What we are now doing after a strategic review of this and what is needed to be successful on the business development front is to develop more targeted applications that are suited specifically for the strength of our platform. We move more towards a turnkey solution that can be used in specific applications where there is a need. The initial focus on this will be on, of course, easily illuminable clinical conditions where we also have supporting preclinical results. One obvious area for this is a large area with a number of different diseases, skin applications. The biggest organ of the body, the skin, we've shown that in preclinical experiments that we can substantially enhance the delivery and transfection. We also have the advantage with our technology of an excellent spatial specificity.

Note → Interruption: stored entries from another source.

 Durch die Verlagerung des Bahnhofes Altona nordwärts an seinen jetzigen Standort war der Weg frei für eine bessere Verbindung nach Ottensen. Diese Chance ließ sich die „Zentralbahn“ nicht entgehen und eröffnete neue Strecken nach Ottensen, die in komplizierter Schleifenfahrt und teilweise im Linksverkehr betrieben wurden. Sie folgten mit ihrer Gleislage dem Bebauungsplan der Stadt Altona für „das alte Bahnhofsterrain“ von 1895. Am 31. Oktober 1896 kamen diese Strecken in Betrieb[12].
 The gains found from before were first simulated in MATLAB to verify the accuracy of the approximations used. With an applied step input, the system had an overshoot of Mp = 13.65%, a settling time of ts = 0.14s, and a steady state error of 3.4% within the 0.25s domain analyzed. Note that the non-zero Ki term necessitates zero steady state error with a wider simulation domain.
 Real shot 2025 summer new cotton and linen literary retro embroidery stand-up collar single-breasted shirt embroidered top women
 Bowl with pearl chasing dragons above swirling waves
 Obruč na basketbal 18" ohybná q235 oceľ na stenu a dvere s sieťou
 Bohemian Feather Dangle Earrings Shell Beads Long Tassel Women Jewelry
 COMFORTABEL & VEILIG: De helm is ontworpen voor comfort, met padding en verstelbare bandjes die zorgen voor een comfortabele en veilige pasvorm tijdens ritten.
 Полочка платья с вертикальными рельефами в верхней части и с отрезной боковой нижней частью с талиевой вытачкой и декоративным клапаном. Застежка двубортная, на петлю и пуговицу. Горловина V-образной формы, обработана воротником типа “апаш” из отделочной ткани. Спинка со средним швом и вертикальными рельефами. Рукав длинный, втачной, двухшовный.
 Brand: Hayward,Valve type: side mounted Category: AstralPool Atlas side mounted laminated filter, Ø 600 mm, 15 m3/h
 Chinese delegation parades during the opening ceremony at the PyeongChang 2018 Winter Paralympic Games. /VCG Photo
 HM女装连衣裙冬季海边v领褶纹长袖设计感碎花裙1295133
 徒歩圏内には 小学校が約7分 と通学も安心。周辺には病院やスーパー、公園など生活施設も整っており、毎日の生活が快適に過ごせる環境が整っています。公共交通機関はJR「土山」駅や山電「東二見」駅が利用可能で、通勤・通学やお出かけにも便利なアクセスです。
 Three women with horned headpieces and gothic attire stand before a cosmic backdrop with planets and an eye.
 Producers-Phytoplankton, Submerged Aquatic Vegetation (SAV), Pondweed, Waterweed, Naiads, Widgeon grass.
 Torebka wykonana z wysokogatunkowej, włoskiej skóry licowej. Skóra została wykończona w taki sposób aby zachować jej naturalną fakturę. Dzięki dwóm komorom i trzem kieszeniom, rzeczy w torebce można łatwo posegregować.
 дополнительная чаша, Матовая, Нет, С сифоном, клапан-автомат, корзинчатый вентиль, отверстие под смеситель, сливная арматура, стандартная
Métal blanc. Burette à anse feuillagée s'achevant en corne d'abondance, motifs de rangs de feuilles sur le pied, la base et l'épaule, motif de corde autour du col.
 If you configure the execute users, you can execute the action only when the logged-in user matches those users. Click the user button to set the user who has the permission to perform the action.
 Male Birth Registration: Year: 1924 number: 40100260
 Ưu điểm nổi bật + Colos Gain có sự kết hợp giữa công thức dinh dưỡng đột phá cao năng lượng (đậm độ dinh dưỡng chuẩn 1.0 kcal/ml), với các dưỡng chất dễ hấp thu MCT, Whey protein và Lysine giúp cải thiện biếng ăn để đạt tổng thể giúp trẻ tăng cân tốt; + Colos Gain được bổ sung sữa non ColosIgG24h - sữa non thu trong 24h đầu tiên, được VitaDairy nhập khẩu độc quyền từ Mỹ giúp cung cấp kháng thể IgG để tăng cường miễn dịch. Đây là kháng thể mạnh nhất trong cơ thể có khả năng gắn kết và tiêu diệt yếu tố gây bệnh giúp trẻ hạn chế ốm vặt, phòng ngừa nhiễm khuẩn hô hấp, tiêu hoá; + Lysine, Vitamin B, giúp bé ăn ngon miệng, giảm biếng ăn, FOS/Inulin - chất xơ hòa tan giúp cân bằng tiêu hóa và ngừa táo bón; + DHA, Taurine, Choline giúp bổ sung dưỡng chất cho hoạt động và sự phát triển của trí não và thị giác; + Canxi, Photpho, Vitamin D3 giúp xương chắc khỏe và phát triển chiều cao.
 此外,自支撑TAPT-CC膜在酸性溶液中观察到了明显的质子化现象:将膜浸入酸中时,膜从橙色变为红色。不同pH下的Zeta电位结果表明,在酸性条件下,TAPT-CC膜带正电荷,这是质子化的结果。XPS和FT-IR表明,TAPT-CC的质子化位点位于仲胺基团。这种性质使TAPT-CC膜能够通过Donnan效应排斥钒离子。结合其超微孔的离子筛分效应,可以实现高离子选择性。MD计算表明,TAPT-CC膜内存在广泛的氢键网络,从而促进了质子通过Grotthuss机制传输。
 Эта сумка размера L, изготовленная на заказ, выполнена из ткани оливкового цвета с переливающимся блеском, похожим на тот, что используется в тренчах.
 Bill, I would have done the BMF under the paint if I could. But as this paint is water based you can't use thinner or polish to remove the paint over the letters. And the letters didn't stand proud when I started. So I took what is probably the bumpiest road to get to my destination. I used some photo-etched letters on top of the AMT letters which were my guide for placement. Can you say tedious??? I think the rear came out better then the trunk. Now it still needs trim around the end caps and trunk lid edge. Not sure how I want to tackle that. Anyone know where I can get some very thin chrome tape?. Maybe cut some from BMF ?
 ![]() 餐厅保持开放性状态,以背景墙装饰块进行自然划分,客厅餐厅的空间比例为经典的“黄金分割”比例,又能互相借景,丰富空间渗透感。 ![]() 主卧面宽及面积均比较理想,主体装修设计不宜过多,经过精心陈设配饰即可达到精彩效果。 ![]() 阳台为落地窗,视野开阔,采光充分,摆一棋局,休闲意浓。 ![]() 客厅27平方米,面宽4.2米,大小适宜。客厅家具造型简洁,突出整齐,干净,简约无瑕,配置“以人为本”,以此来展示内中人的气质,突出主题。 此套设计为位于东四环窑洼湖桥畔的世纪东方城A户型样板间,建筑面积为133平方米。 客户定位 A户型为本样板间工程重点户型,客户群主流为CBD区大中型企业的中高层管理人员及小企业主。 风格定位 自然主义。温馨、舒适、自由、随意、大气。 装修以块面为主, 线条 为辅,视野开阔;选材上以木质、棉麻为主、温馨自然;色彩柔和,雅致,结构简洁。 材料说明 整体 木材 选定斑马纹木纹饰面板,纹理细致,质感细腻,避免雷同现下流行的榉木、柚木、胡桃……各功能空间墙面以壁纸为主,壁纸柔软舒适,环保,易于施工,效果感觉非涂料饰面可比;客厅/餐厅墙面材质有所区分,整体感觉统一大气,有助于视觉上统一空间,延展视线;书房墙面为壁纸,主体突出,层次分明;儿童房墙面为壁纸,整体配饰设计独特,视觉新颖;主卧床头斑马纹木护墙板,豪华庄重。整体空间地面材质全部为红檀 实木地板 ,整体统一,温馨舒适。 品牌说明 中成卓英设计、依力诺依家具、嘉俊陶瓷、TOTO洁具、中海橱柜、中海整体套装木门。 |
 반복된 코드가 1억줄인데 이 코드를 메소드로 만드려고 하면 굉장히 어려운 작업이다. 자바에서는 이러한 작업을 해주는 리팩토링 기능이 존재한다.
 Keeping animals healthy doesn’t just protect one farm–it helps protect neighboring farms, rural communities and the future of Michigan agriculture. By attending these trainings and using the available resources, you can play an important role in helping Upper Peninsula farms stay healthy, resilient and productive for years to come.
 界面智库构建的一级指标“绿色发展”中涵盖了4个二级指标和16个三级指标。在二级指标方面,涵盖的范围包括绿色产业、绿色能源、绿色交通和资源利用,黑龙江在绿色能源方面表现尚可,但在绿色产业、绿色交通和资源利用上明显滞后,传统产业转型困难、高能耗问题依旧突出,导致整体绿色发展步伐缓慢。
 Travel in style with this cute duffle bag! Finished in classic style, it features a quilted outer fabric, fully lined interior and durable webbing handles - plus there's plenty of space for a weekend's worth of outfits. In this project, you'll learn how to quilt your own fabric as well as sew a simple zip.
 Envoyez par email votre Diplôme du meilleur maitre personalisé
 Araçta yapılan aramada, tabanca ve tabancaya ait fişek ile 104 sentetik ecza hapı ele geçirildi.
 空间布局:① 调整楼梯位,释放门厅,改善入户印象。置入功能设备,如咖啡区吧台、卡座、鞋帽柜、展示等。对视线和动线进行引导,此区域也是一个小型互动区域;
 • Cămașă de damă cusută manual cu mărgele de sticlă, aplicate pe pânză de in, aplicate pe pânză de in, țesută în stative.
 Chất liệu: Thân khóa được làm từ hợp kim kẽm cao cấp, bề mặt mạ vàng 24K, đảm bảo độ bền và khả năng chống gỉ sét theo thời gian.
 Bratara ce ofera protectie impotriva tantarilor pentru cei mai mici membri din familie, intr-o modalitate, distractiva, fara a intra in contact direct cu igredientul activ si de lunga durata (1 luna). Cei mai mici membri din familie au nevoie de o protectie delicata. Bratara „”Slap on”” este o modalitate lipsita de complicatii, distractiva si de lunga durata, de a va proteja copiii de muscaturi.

It means you don't get leakage. If you give this locally, it leaks to a much less extent than many other technologies to other parts of the body, and therefore reduces the risk of side effects, if induced by that you have effects of these nucleic acid therapeutics where you don't want to have them. You can really spatially focus it on where you want the effect to happen. You can see on the right-hand side here, the example of when we have delivered this mRNA without fimaNAc and mRNA with fimaNAc. We can see that that really increases the enzymatic luciferase activity, which is the enzyme that the mRNA we've used here produces.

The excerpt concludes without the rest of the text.